(Stored records)

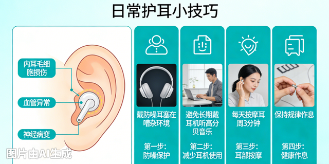 ①远离噪音:避免长时间待在噪音环境中,戴耳机时控制音量(60-60 原则:不超过最大音量的60%,每次佩戴时间不超过60分钟),避免睡前戴耳机睡觉。
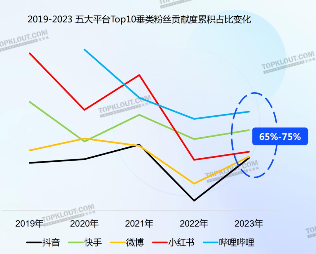 在过去的五年里,Top10垂直粉丝的贡献率略有波动。小红书、哔哩哔哩等渠道的粉丝集中度逐年下降,客户内容消费日益多样化。KOL粉丝在五大平台Top10类中的累计贡献率保持在65%-75%之间,即头部10个热门垂直类聚集了约70%的粉丝。
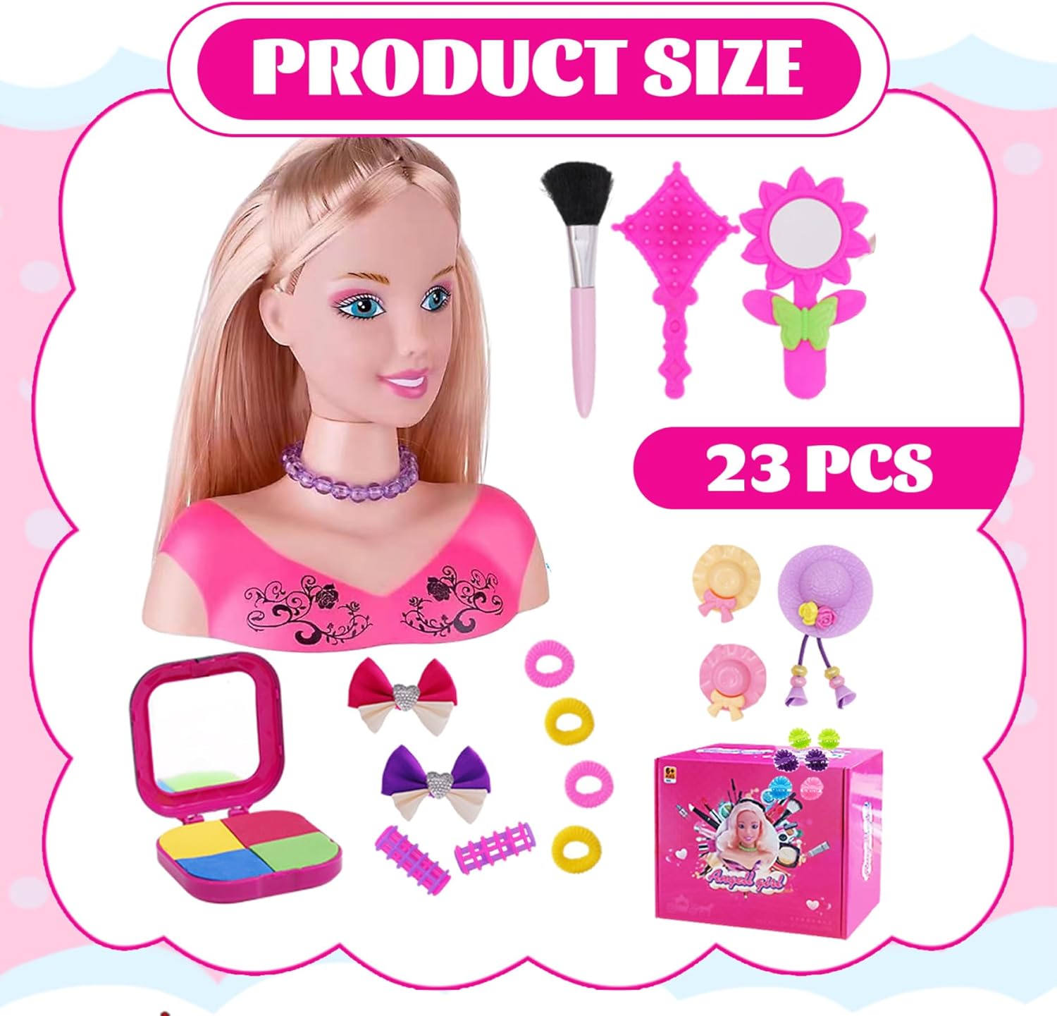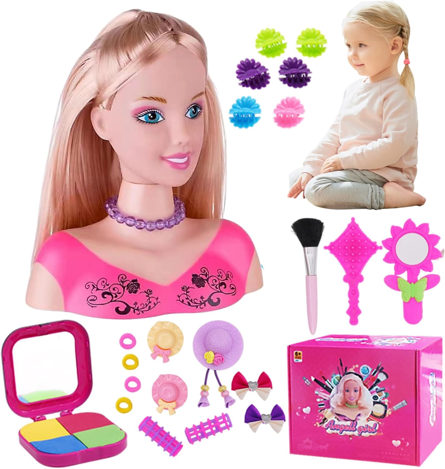Ottimo regalo per le ragazze: perfetto per compleanni, vacanze o occasioni speciali, questa bambola di testa per bambini è un regalo ideale per le ragazze che amano la moda e la bellezza..Fornisce ore di divertimento incoraggiando al contempo l'apprendimento pratico e lo sviluppo delle competenze. Set di styling completo: la testa della bambola per lo styling per capelli viene fornita con 35 pezzi, tra cui vari accessori per capelli, pettini e strumenti..Questo set completo consente ai bambini di sperimentare diverse acconciature, promuovendo la creatività e il gioco fantasioso. Strumento di apprendimento perfetto: questa testa di bambola per lo stile dei capelli è uno strumento eccellente per l'apprendimento di tecniche di trucco e toelettatura di base..Il set include strumenti di trucco finti che aiutano i bambini a praticare il trucco in modo sicuro, insegnando loro anche sulla cura di sé e sull'igiene. Capelli realistici per lo styling: con capelli lunghi e setosi che imita veri capelli umani, questa testa della bambola per lo stile dei capelli offre un'esperienza realistica..I bambini possono spazzolare, trecciare, ricci e modellare i capelli per creare un aspetto infinito, proprio come uno stilista professionista. Incoraggia il gioco creativo: progettato per ispirare la creatività, questa testa di bambola per l'acconciatura promuove il gioco di ruolo immaginativo..I bambini possono esplorare i diversi acconciature, provare il trucco e progettare stili unici, che migliorano le loro capacità di risoluzione dei problemi e aumenta la fiducia.
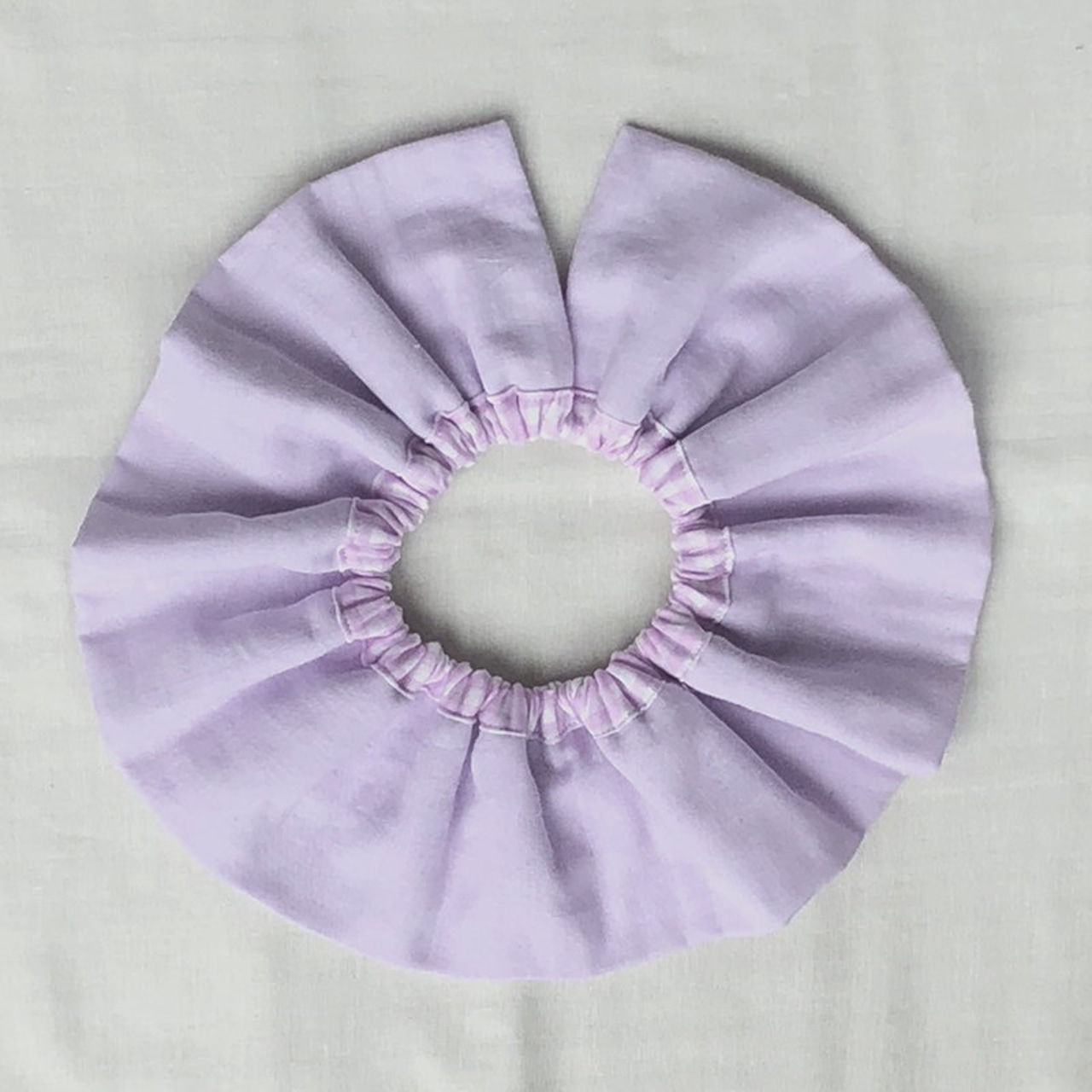 綺麗なラベンダー色のダブルガーゼを重ね、フルルに仕立てました。
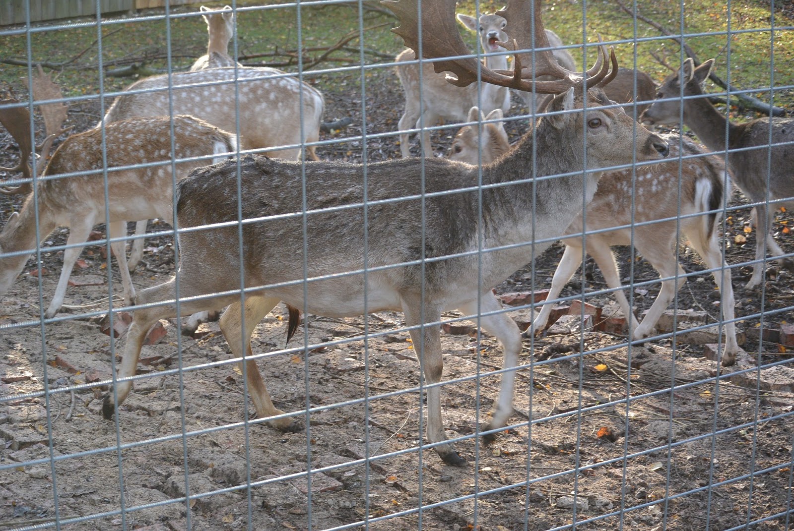 Hvad der også er her - udover endnu en rideskole (der er vist 5 i kommunen og den ene kan man se på luftfotoet for oven syd for Mosehullerne) - er en Hjortefarm med Dådyr. Jeg har vist tidligere nævnt den. Herunder et foto fra lågen ind til farmen. På et skilt står der, at man gerne må fodre dyrene med æbler og gulerødder. Jeg havde ellers forståelsen af at de ikke måtte fodres, men det er godt at få sådan noget afklaret. Billedet herunder er taget med det mindste min telelinse kan klare, derfor ret nærbilledeagtigt.

◆ **INSTRUCTIONS FOR THE TASK**: With images excluded, write the records above out again exactly.

◆ **REPLY**:
 ①远离噪音:避免长时间待在噪音环境中,戴耳机时控制音量(60-60 原则:不超过最大音量的60%,每次佩戴时间不超过60分钟),避免睡前戴耳机睡觉。
 在过去的五年里,Top10垂直粉丝的贡献率略有波动。小红书、哔哩哔哩等渠道的粉丝集中度逐年下降,客户内容消费日益多样化。KOL粉丝在五大平台Top10类中的累计贡献率保持在65%-75%之间,即头部10个热门垂直类聚集了约70%的粉丝。
Ottimo regalo per le ragazze: perfetto per compleanni, vacanze o occasioni speciali, questa bambola di testa per bambini è un regalo ideale per le ragazze che amano la moda e la bellezza..Fornisce ore di divertimento incoraggiando al contempo l'apprendimento pratico e lo sviluppo delle competenze. Set di styling completo: la testa della bambola per lo styling per capelli viene fornita con 35 pezzi, tra cui vari accessori per capelli, pettini e strumenti..Questo set completo consente ai bambini di sperimentare diverse acconciature, promuovendo la creatività e il gioco fantasioso. Strumento di apprendimento perfetto: questa testa di bambola per lo stile dei capelli è uno strumento eccellente per l'apprendimento di tecniche di trucco e toelettatura di base..Il set include strumenti di trucco finti che aiutano i bambini a praticare il trucco in modo sicuro, insegnando loro anche sulla cura di sé e sull'igiene. Capelli realistici per lo styling: con capelli lunghi e setosi che imita veri capelli umani, questa testa della bambola per lo stile dei capelli offre un'esperienza realistica..I bambini possono spazzolare, trecciare, ricci e modellare i capelli per creare un aspetto infinito, proprio come uno stilista professionista. Incoraggia il gioco creativo: progettato per ispirare la creatività, questa testa di bambola per l'acconciatura promuove il gioco di ruolo immaginativo..I bambini possono esplorare i diversi acconciature, provare il trucco e progettare stili unici, che migliorano le loro capacità di risoluzione dei problemi e aumenta la fiducia.
 綺麗なラベンダー色のダブルガーゼを重ね、フルルに仕立てました。
 Hvad der også er her - udover endnu en rideskole (der er vist 5 i kommunen og den ene kan man se på luftfotoet for oven syd for Mosehullerne) - er en Hjortefarm med Dådyr. Jeg har vist tidligere nævnt den. Herunder et foto fra lågen ind til farmen. På et skilt står der, at man gerne må fodre dyrene med æbler og gulerødder. Jeg havde ellers forståelsen af at de ikke måtte fodres, men det er godt at få sådan noget afklaret. Billedet herunder er taget med det mindste min telelinse kan klare, derfor ret nærbilledeagtigt.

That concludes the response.